Away from our families of origin, we strove to establish ourselves as a unit. Living on the other side of the country gave us plenty of room to define “us.” We were each other’s go-to person, partner, and sounding board. We built ourselves a nest of comfort and care, a place to seek advice, unload the crap, and belly laugh until we were out of breath. His piano playing melded with my writing. We traveled and each pursed careers we enjoyed. There was plenty of space for each of us as individuals and the two of us as a couple.
This worked wonderfully for the first year of our marriage. Then, three-quarters of the way into our second year, we had our first daughter. Our focus shifted away from us and toward her as we painstakingly figured out the whole parenting thing. Our effort and love poured into our small, expanded family.
We were thrilled to be parents but run ragged by it too. We reoriented ourselves to accommodate our new roles. We took on the tasks of parenting together and decided I would work part-time, which meant more of the financial pressure fell on him and more of the domestic duties fell on me. It wasn’t an easy transition, and in our new world, there was less and less time for us as a couple, let alone as individuals. I really struggled with this, but found consolation in knowing that my husband was in it with me.
Whenever we visited my in-laws, though, I felt like my husband abandoned me. He, his dad, and his two brothers shared inside jokes around the kitchen table along with a good measure of Scotch. The three of them inevitably found their way to their instruments and jammed on and off throughout our visits. They’d all dissolve into good-natured laughter, closing their ranks as my mother-in-law and I stood outside the circle up against the kitchen sink washing and drying or sipping tea.
Nothing could make my mother-in-law happier. I, on the other hand, sulked. It irked me, the way my husband unwittingly left me behind to carry on our parenting routine with our young girls, while he traversed the well-loved roads of the place he came from. The tight knot of “us” untangled whenever we visited his family. I felt alone and insecure, as if the life we’d crafted wasn’t nearly as satisfying as the one he’d grown up in. It stung.
For years I carried around this discomfort and envy, always preparing myself for the disconnect between myself and my husband whenever we visited my in-laws. It’s only recently that I’ve been able to see my husband’s behavior as something else entirely. Rather than disconnecting from me, he’s reconnecting with himself. He can tap back into the music-loving, gourmet-food appreciating, top-notch swimmer he is without the demands of work and our busy day-to-day schedule.

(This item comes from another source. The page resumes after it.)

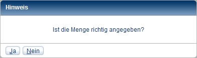 - Wenn Sie sich nicht sicher sind, klicken Sie auf Nein und prüfen noch einmal die eingegebene Menge.
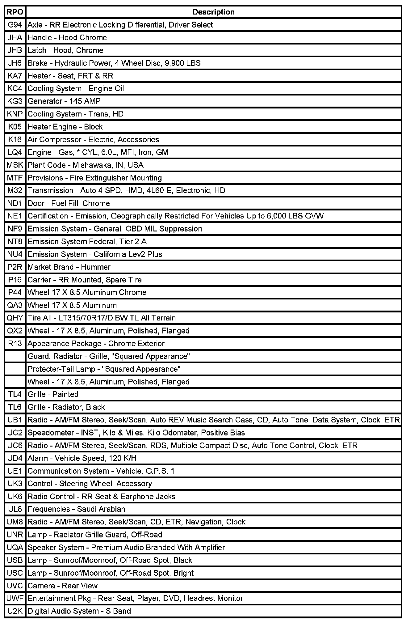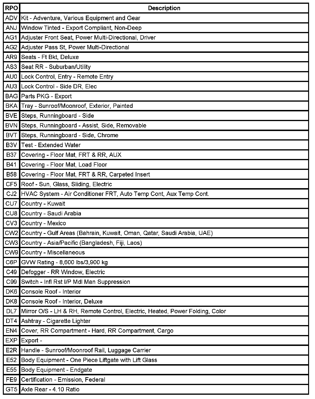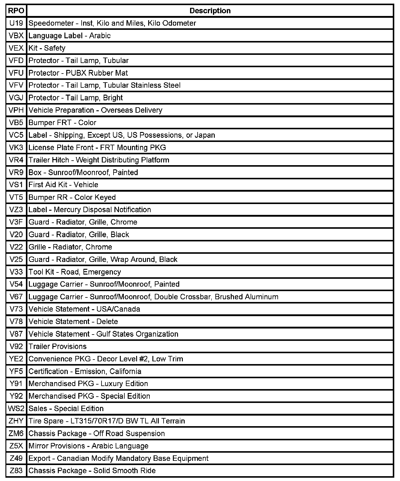 RPO Code List

Now that the girls are older, the work of parenting has lessened so I don’t feel as burdened by keeping up routines when we travel. I’ve let my husband know that I need extra TLC when we’re with his family, and he’s good about giving it. I’m still slightly insecure when he lapses back into the warm swirl of his original family, momentarily leaving me hanging around the edges, but now I keep in mind the upside — getting to see the man I fell in love with in his entirety — and remember why this marriage, in-laws and all, is worth it.